Sunday 26 October 2014

Horst P. Horst - V&A Museum 24th October 2014

I went to see the Horst exhibition as I have found the history of photography extremely interesting. My delight and captivation with Paul Himmel and Lillian Bassman was just the start of it.  Since reading about them I have watched documentaries on Richard Avedon and Brian Duffy, and those, along with seeing the David Baily exhibition and reading about Diane Arbus mean I am beginning to piece together some history and development within fashion photography at least.

Horst, born in 1906 in Germany, worked at Vogue under Mr. Nast himself.  The limitations of photography then plus Conde Nast's insistence that photographers used 10x8 plate cameras meant that Horst's work  - focused on dresses - had to be shot in quite a specific way.  For instance the lights, and there were lots of them, were extremely bright and tended to make the models' skin look lined and sallow.  This explains why the faces of many of his models in the 30s (often not models at all but friends of people who worked for Vogue) were in shadow or hardly lit at all.   He says in the V&A exhibition book that he 'tried lighting it (the face) from below or from the side, or sometimes straight on with just the eye of the cheek lit up' (1) which sounds rather surreal.

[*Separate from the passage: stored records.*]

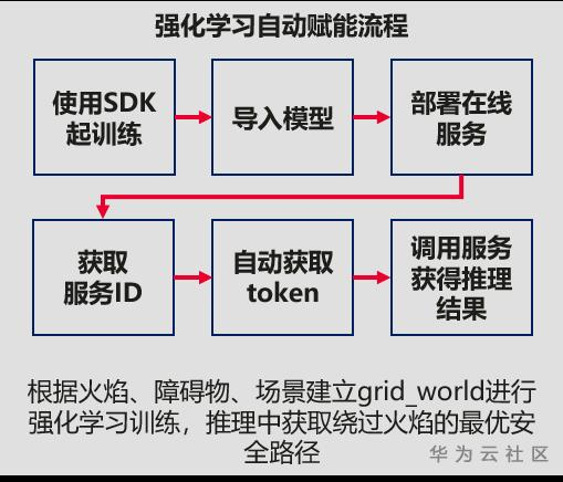 首先,机器狗将感知火焰位置,建立强化学习训练环境,自动上传至obs中。利用ModelArts SDK启动云端强化学习训练,训练机器狗如何找到最优路径灭火。训练结束后将在ModelArts平台导入模型、部署在线推理服务。此时只需要自动获取服务token和API就可以调用在线服务进行推理,获取安全路径,最终控制机器狗绕开火焰灭火。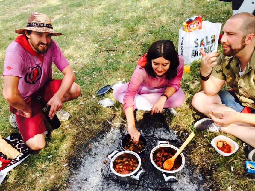 Exhaustos de bailar y reír, después de doce horas disfrutando de la noche jarrera, es hora de llenar el estómago. A las faldas del campo de batalla, una vez terminada la contienda, la gente se reúne en grupos de amigos alrededor de los sarmientos encendidos para preparar el almuerzo: los típicos caracoles con tomate, chorizo, morcilla, chuletillas, etc. Todo ello acompañado de un porrón fresquito de vino, esta vez si para beber…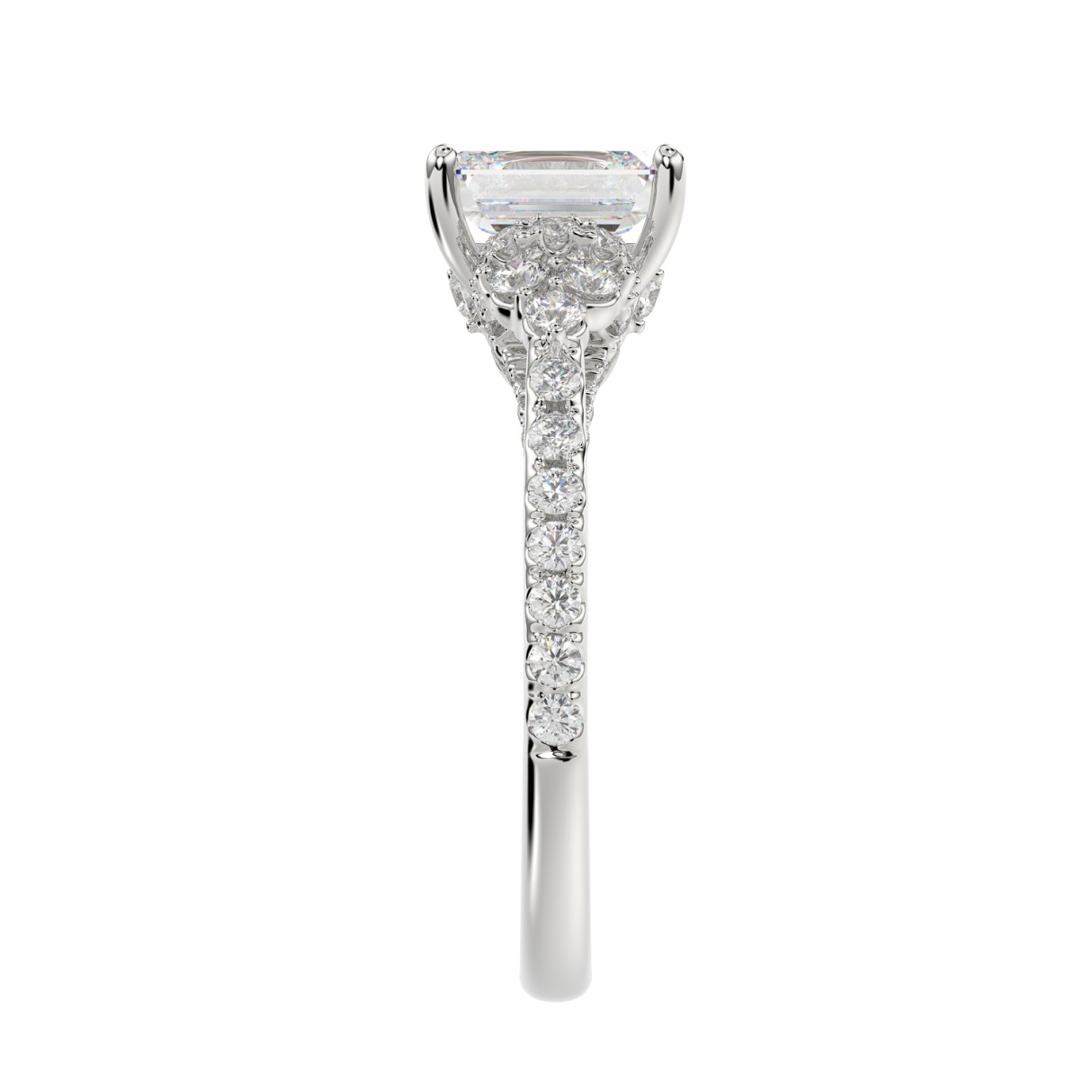 LADIES RING 2 1/4CT ROUND/EMERALD DIAMOND 14K WHITE GOLD (CENTER STONE EMERALD DIAMOND 1 1/2CT )
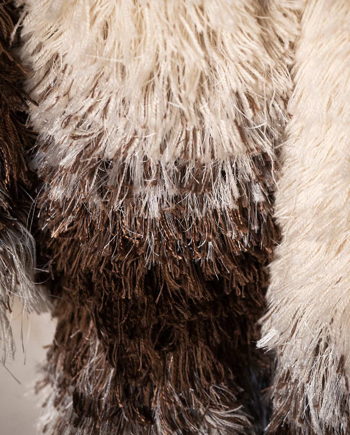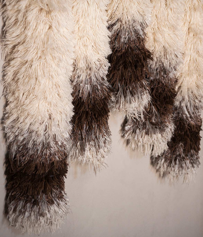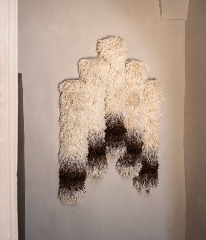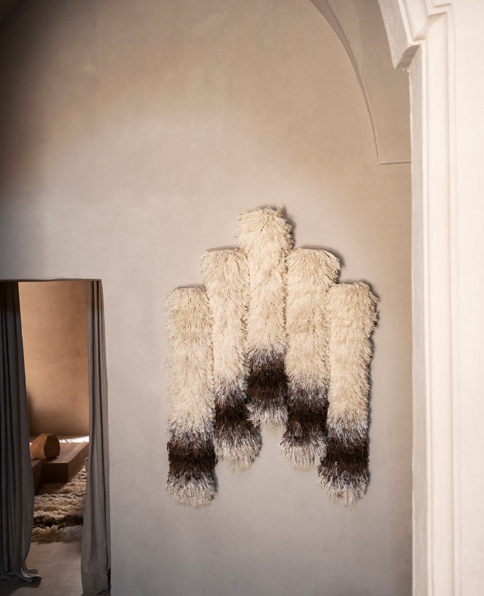 In German, “leise” means silent. Inspired by the warmth and quiet that tapestries have given to interior spaces for centuries, Salem van der Swaagh created a wall hanging for Tacchini that fuses tactile and visual sensations in a textile work that invites slow, silent exploration. Leise takes shape from a meticulous manual knotting technique that defines its volume and texture – from the rich white tones to the ends that seem almost immersed in gold – in a tonal and material transformation that creates a rich and harmonious contrast. An invitation to slow and silent exploration to grasp the poetics of tactile sensations in a continuous balance between wild and tamed, raw and worked.

In fact many of his images are quite surreal in particular one of hands, which I believe is quite famous where some real hands are placed in a pattern with the hands of a mannequin; surely influenced by Dali and his cohorts.  The fashion designer Schiaparelli worked closely with Salvador Dali and Jean Cocteau interpreting 'Surrealism's shock value and translated it into headline fashions' (2) Horst photographed Shiaparelli's collections and continued the themes of Surrealism into the images.

Horst uses light to sculpt the picture he's creating.  He is known for his lighting - dramatic shadows and chiaroscuro (strong contrasts) can be seen throughout his work, and his photographs of actors all look very much like stills from the film nior productions they would have been working on.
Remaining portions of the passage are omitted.